# Waltham 9ct Full Hunter For Sale



## allanm (Jul 10, 2009)

i have a waltham full hunter in 9ct gold circa 1900 on 60g double albert chain in full working order and excellent condition

please message me for pics and price !


----------



## Clum (Feb 14, 2009)

lols


----------



## allanm (Jul 10, 2009)

Clum said:


> lols


???????


----------



## Stan (Aug 7, 2003)

Allanm,

Read the rules mate. 

You've posted in the wrong forum, you need to have made 50 posts before you can access the sales forum or the pm system.

We are a friendly bunch here (most of the time h34r: ) so take the time to read the rules and have another go.


----------



## Clum (Feb 14, 2009)

Sorry I should've been more informative. You're not allowed to buy or sell on this forum until you've made 50 posts, and then it should be put for sale in the Sales section. Also I don't think you'll be able to send or receive messages until you've made 50 posts either.

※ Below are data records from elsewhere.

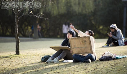 终于告别阴雨连绵的天气,久违的阳光伴着秋寒光临紫金港校区。虽然启真湖畔寒风瑟瑟,但同学们在湖边放松散步、绘画拍照的情形,反而令紫金港在秋阳的沐浴下显得愈发温暖了。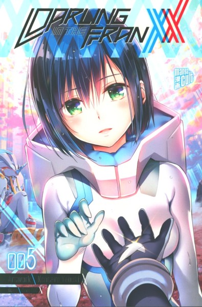 In einer weit entfernten Zukunft hat sich die Erde in ein trostloses Ödland verwandelt. Die letzten Überlebenden haben Zuflucht in mobilen Festungen gefunden und setzen nun all ihre Hoffnungen in die FRANXX – überdimensionale Roboter, die die bösartigen Klaxosauren bekämpfen. Unter den Pilotanwärtern jener FRANXX befand sich einst der junge Hiro, der dank seiner Fähigkeiten als „Wunderkind“ gepriesen wurde – und schließlich am Eignungstest kläglich scheiterte. Doch als er zufällig der mysteriösen Elite-Pilotin Zero Two begegnet, nimmt sein Leben eine schicksalhafte Wende … (© Manga Cult)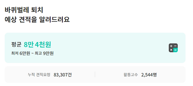숨고 내에서 거래되는 바퀴벌레 퇴치 평균 비용은 건당 8만 4천 원입니다. 최저 비용은 6만 원, 최고 비용은 9만 원으로 책정되어 있어요.

Your post is amusing because there's been a recent discussion regarding selling and post counts on the forum here


----------



## allanm (Jul 10, 2009)

Sorry i should have read the rules before posting !!!its a shame as it's a quality watch and chain !Regards Allan


----------



## Stan (Aug 7, 2003)

allanm said:


> Sorry i should have read the rules before posting !!!its a shame as it's a quality watch and chain !Regards Allan


No big deal Allan, don't worry about it. 

See my answer to your other question.


----------